У входа, дубея в казенном исподнем –
ничто не забыто, никто не забыт –
солдаты, два рыцаря гроба господня,
ловили очком на ветру простатит.
А очередь шла, как на явку с повинной,
жалея московских колбасо-минут,
старлей-отпускник со своей половиной,
не выдержал и пошутил: "Что дают?"
Кумекал якут невеселую думу –
сфилонить бы, да записала сноха:
"Однака, Ильич после ЦУМа и ГУМа,
но до Третьяковки и ВДНХа!"
Дрожать начинали отцовские руки,
под грузом не тянущей ноши своей.
А ноша в носу ковыряла, от скуки
рифмуя себе "мавзолей – бармалей"…
Вошли, наконец, в полумраке наощупь.
А там, посреди заповедных палат
великого дедушки лысые мощи
в гробу, как в витрине сельмага лежат.
Идем, словно ниндзи – ни вздоха, ни звука.

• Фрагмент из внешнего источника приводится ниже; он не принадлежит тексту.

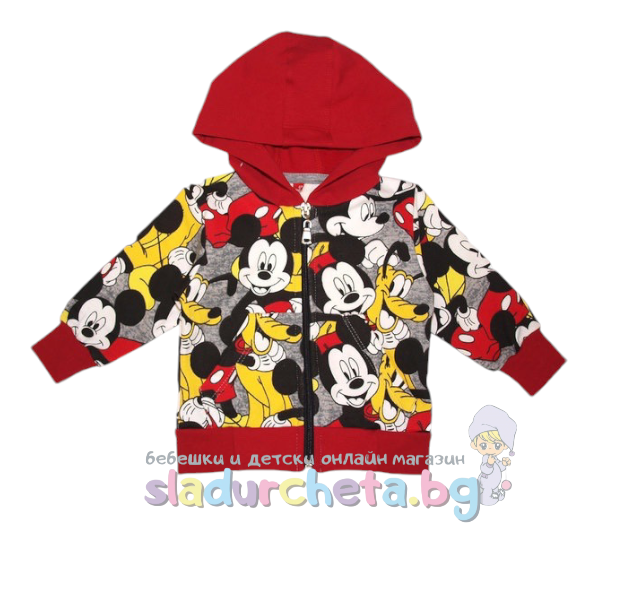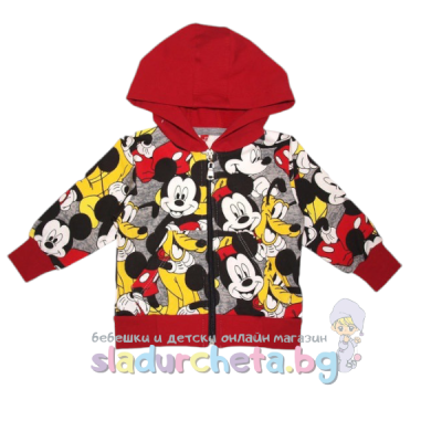 Суитшъртът е с дълък ръкав и качулка в червен цвят с цветна щампа на Мики Маус;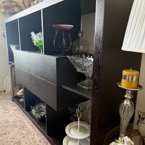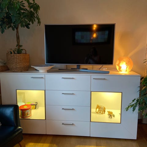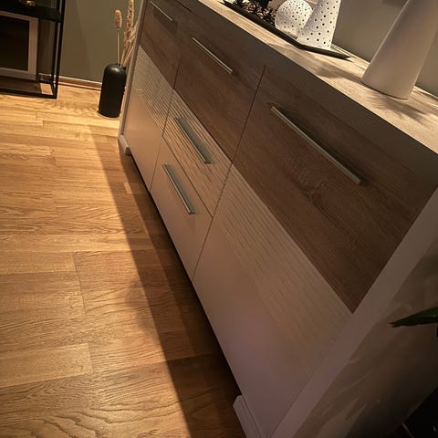 Skjenk i høyglans hvit selges rimlig pågrunn av kosmetisk skade på venstre dør.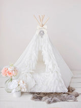 This extravagant luxury Lullaby Teepee handcrafted by Hello Doggie is adorned with delicate cascading lace and embellished with a crystal brooch for that finishing touch of elegance. The Lullaby Teepee is a perfect hideaway for a quiet afternoon nap. Complete with a removable stuffed pillow for extra comfort and tie-backs for opening or closing.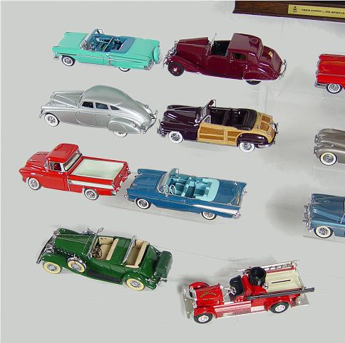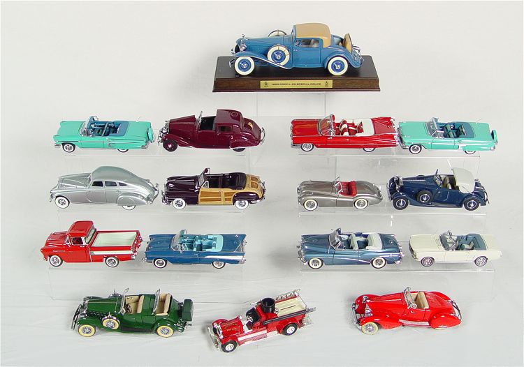 COLLECTION OF 16 DANBURY MINT MODEL CARS: Highlights include 1926 Mack AC Rotary pumper, 33 Pierce Arrow, 1966 Ford Mustang, 2 1958 Chevy Impala, large 1929 Cord L-20 Special Coupe. 13 have original boxes.

И вдруг, непонятно зачем, почему
раскатистым, нечеловеческим пуком
нарушил священную я тишину.
Недолог был паузы мхатовской выстрел –
сначала негромко, потом посмелей
заржали юристы, баптисты, таксисты
и сорок урюпинских учителей.
Смеялись евреи, вьетнамцы, кубинки,
хихикала блядь из накрашенных губ.
И с ленинскою, человечной хитринкой,
смотрел Ильича маринованный труп.
Гнилого застоя кончалась эпоха –
вот так вот, в один из декабрьских дней
от съеденного за обедом гороха
свободой запахло в отчизне моей!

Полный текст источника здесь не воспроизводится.